What to work on
From the listing that follows, output everything exactly except the pictures.

Dataset excerpt
*****
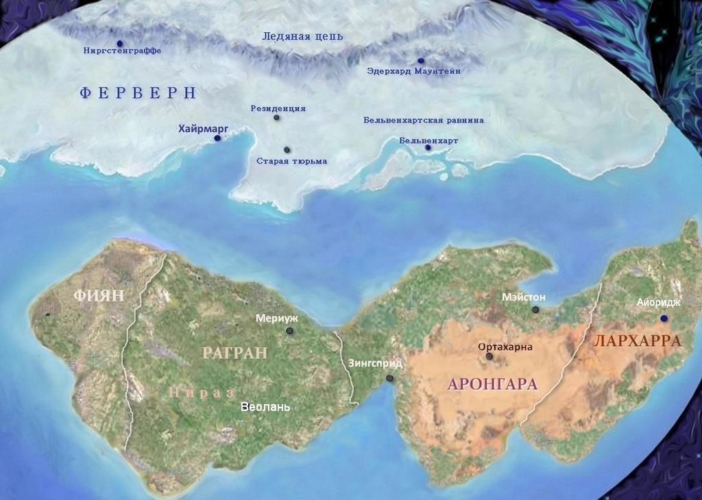 Автор: ЛюбаваПродолжила изменения на своём предыдущем варианте карты, не уходя из первоначальной основы, которую создала Sety(это великолепие можно посмотреть в её блоге), и попыталась сделать изменения с обновлённым содержанием, хотя с часовыми поясами у меня не получается "договориться", как автору проекта. Я уговорила себя(и Sety), что это придуманный мир и позволила себе унестись в изменения, какие желала душа. Sety благодушно не возражала, но все изменения я согласовывала с ней. Так что эта версия карты мира иртханов будет дополняться новыми обозначениями, а те, кто любит этот мир, смогут пофантазировать уже наяву, имея несколько вариантов карт. Первые варианты можно посмотреть в моём же блоге, в предыдущем посте, а так же прочитать, как они вообще появились. Напомню, это МИР ИРТХАНОВ по произведениям Марины Эльденберт. Добавлены новые обозначения - столица Лархарры, а так же провинция в Рагране и та самая Веолань, где такое замечательное вино - веоланское. По произведению Чёрное пламя Раграна.
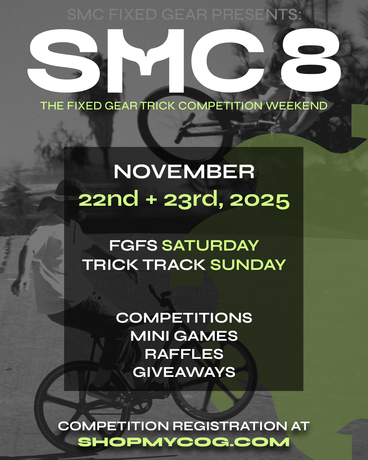 It’s official! We have sponsors and locations confirmed for the looming SMC 8 Fixed Gear trick weekend! Sat + Sunday November 22nd + 23rd the SMC competition series is back to bring you the best Fixed Gear riding from around the world straight to your eyes.
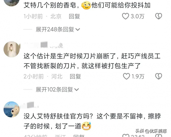 新闻发布以后,网友们纷纷跑到舒肤佳品牌官方号去留言,质问为何明知道可能会有刀片还在卖给消费者?
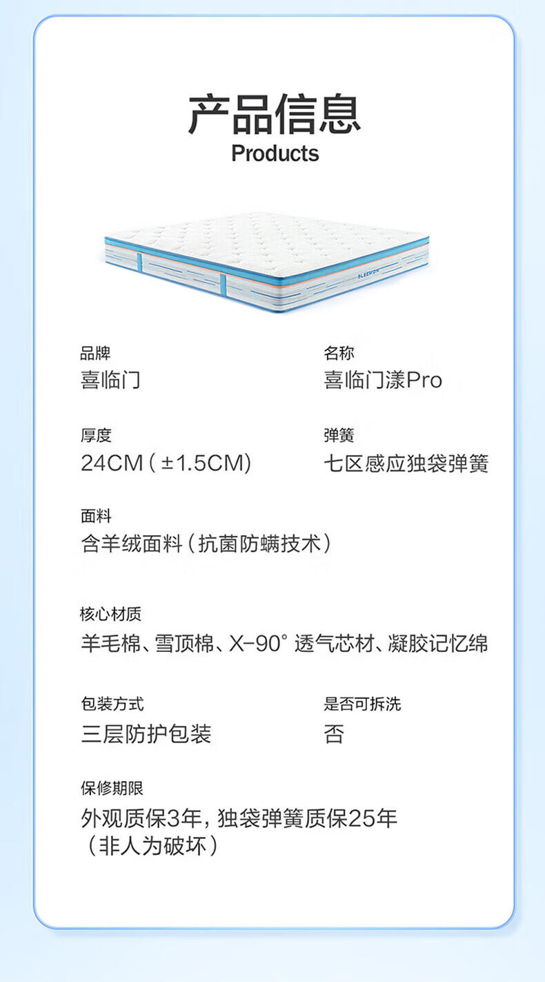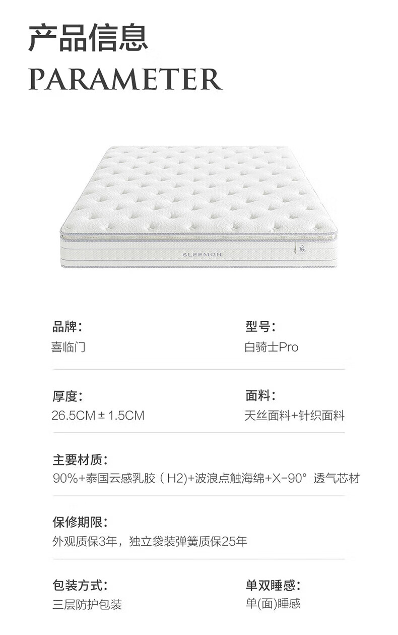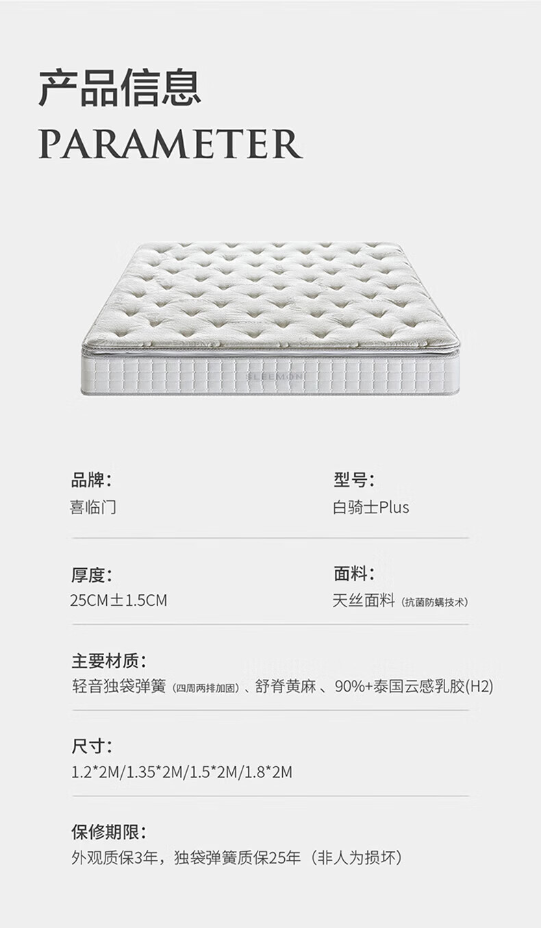海马天然乳胶椰棕黄麻护脊席梦思防螨1.8米软硬独立袋装弹簧床垫 独立弹簧+2cm乳胶(23cm) 1.8*2米
*****
Solution
 Автор: ЛюбаваПродолжила изменения на своём предыдущем варианте карты, не уходя из первоначальной основы, которую создала Sety(это великолепие можно посмотреть в её блоге), и попыталась сделать изменения с обновлённым содержанием, хотя с часовыми поясами у меня не получается "договориться", как автору проекта. Я уговорила себя(и Sety), что это придуманный мир и позволила себе унестись в изменения, какие желала душа. Sety благодушно не возражала, но все изменения я согласовывала с ней. Так что эта версия карты мира иртханов будет дополняться новыми обозначениями, а те, кто любит этот мир, смогут пофантазировать уже наяву, имея несколько вариантов карт. Первые варианты можно посмотреть в моём же блоге, в предыдущем посте, а так же прочитать, как они вообще появились. Напомню, это МИР ИРТХАНОВ по произведениям Марины Эльденберт. Добавлены новые обозначения - столица Лархарры, а так же провинция в Рагране и та самая Веолань, где такое замечательное вино - веоланское. По произведению Чёрное пламя Раграна.
 It’s official! We have sponsors and locations confirmed for the looming SMC 8 Fixed Gear trick weekend! Sat + Sunday November 22nd + 23rd the SMC competition series is back to bring you the best Fixed Gear riding from around the world straight to your eyes.
 新闻发布以后,网友们纷纷跑到舒肤佳品牌官方号去留言,质问为何明知道可能会有刀片还在卖给消费者?
海马天然乳胶椰棕黄麻护脊席梦思防螨1.8米软硬独立袋装弹簧床垫 独立弹簧+2cm乳胶(23cm) 1.8*2米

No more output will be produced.